— Брось, Гуров, — резко оборвал Олег. — От твоих разговоров падалью несет. Везде сейчас трудно. Нельзя заботиться только о своей драгоценной персоне. Ты пылинка. Нас четверо — уже песчинка, а если нас много, то это уже сила. Об этом и надо думать.
— Э-э-э, брось, пожалуйста, читать политграмоту. Попробуй здесь сколотить эту силу, и тебя вздернут раньше, чем сумеешь что-либо сделать.
— Так что же, по-твоему, надо сложить ручки на тощем животике и ждать у моря погоды? Чего ожидать? Пока перемрем от голода? Ты принимал присягу?
— Отстань!
— Нет, ты скажи: принимал присягу?
— А без присяги ты бы думал иначе? — спросил Адамов.
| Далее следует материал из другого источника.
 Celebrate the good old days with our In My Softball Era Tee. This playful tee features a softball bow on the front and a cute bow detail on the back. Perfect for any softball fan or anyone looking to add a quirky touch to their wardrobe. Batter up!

— Нет, конечно, к слову пришлось. Но вот уважаемый Василий Васильевич Гуров, — Олег шутовски поклонился Гурову, — поднял лапки один раз, а теперь поднимает их вторично. Гайка слаба. Интеллигентская слезоточивость. Плен нас не освободил от борьбы с врагом. Так или нет?
— Нельзя ли потише? — спросил Адамов.
— Да укажите мне эту борьбу, — завопил Гуров, — где она, черт бы вас всех побрал? Нет ее! Даже признаков нет. А что делать мне? — Он ударил кулаком в грудь. — Наши ушли на восток — не догонишь, а на долгие годы плена меня не хватит. Что же делать-то?
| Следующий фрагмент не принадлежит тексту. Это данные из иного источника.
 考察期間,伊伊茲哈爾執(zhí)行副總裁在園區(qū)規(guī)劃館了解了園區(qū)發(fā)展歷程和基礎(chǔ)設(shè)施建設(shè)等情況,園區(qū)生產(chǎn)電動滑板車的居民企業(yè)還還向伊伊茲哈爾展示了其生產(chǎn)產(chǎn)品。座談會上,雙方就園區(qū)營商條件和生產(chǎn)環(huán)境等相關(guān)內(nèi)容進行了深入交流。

— Идите, милый человек, в лагерные кровососы. Там спокойнее всего, — тихо проговорил Адамов. — Благо приглашение получил.
Гуров даже поперхнулся, поочередно обвел нас побелевшими от волнения глазами и сразу сник.
Разговор оборвался, и больше мы к нему не возвращались.
Поздно ночью, видимо взволнованный дневной перепалкой, ко мне придвинулся Олег.
— Не спишь?
— А что? Надо что-нибудь?
Спать не хотелось. В глаза будто бросили песку. Пол давил жестко, как ребристое полено. Желтый свет фонаря отштамповал на потолке косой оконный переплет. Олег задумчиво говорил, привалясь затылком к прохладной стене.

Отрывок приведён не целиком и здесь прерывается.